I am working on creating different forms based on whether a user is logged in or not. I was wondering if Anvil has the capability to create persistent navbars i.e. a navbar that can be created in one spot then used on each form?
Yes, you can do that in a number of different ways. One of them is to create a main form that has your navbar and then only change the contents of the main column-panel as you navigate to other forms.
If you can’t be bothered to change your app to use navigation you can do what I’m doing in my current app, which is to create an instance of your navbar and hold the reference to it when the app first loads in a startup module. As you change the form you can then grab the instance and add to your new form as you want. You just need to be aware that a component can only in one place at a time and even when your form is not loaded, the component holds the reference to it’s parent, so you need to first remove the navbar from the previous parent before adding again.
Here’s an exemple:
On your StartupModule you would have
NAVBAR = None
def getNavBar():
global NAVBAR
if NAVBAR is None:
NAVBAR = NavBar() # First time: creates the instance
return NAVBAR
Then, in each form you need to use the navbar you:
def __init__(self, **properties):
# Set Form properties and Data Bindings.
self.init_components(**properties)
# Any code you write here will run when the form opens.
nav_bar = StartupModule.getNavBar()
if nav_bar.parent is not None:
#This navbar is used in another place: remove it from there BEFORE anything
nav_bar.remove_from_parent()
self.content_panel.add_component(nav_bar)

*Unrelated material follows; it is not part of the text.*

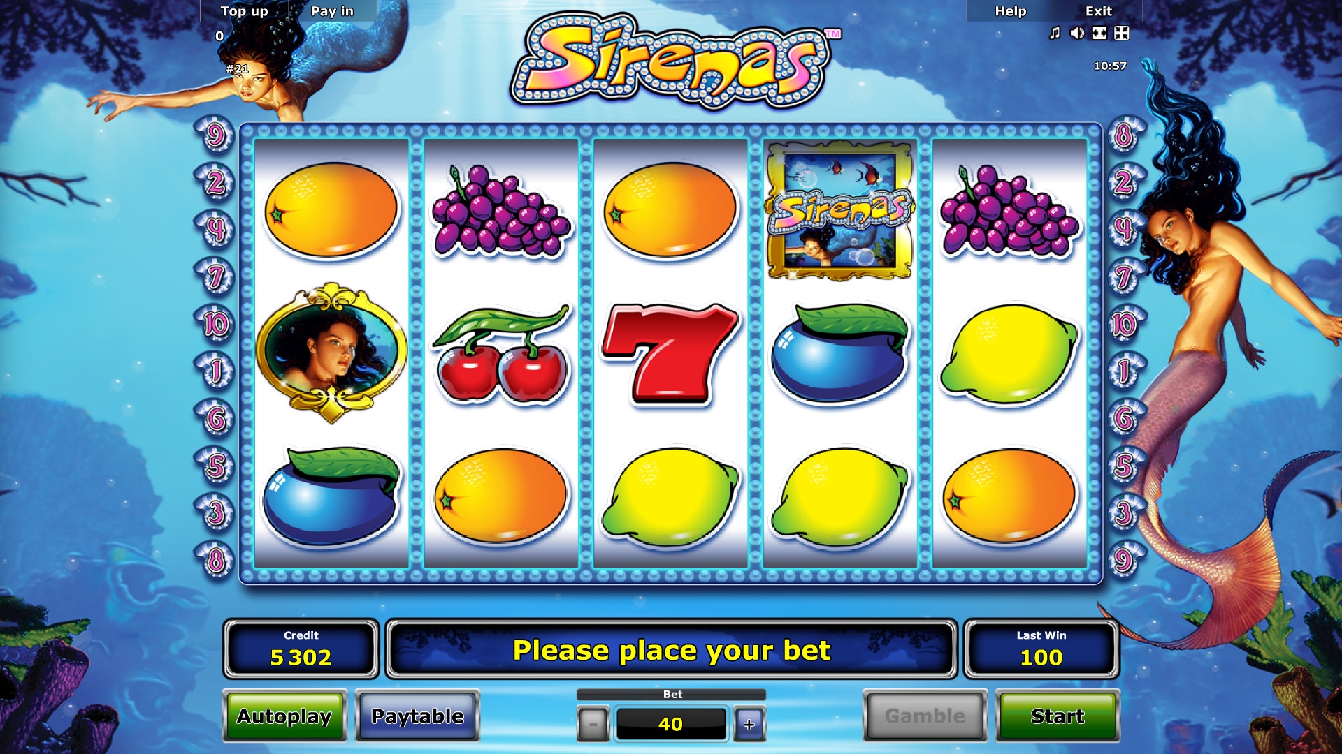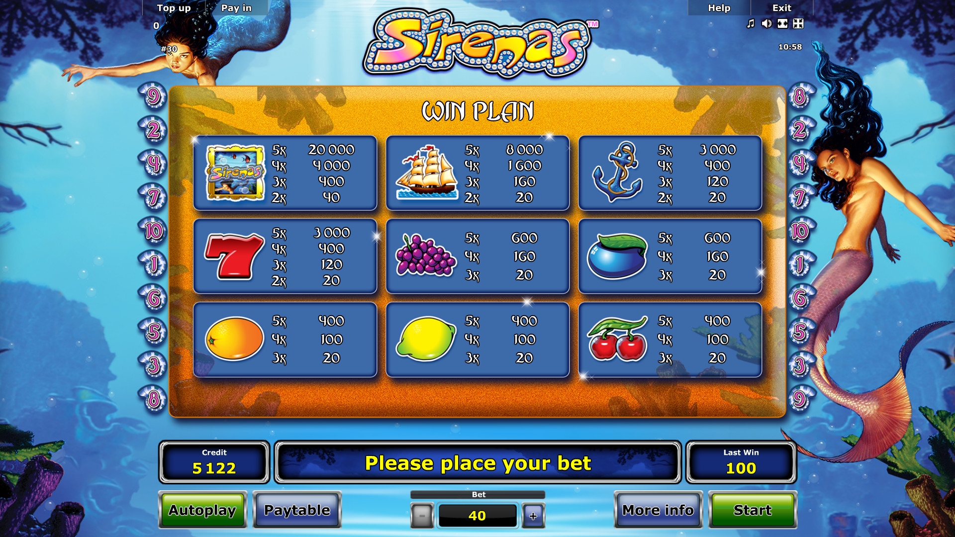 Выигрыши рассчитываются по ставке на линию и коэффициенту полученной цепочки. Он бывает в Sirenas от х5 до х5000. Эти величины перемножаются, а если комбинаций несколько, кредиты суммируются.

Yeah… It’s not as easy as it sounds. There’s probably easier ways to do that while not changing the app to a single page format, but this is something in the line of what I’m doing.
I would just create a nav bar form (from a blank form), designing it with all the buttons to call open_form() and navigate your app, then turn it into a custom component that you can drag on to any page you want.
You could even add custom properties that could tell this component where its being shown, or just pass __name__ to it through code, and add it using .add_component() through code as well.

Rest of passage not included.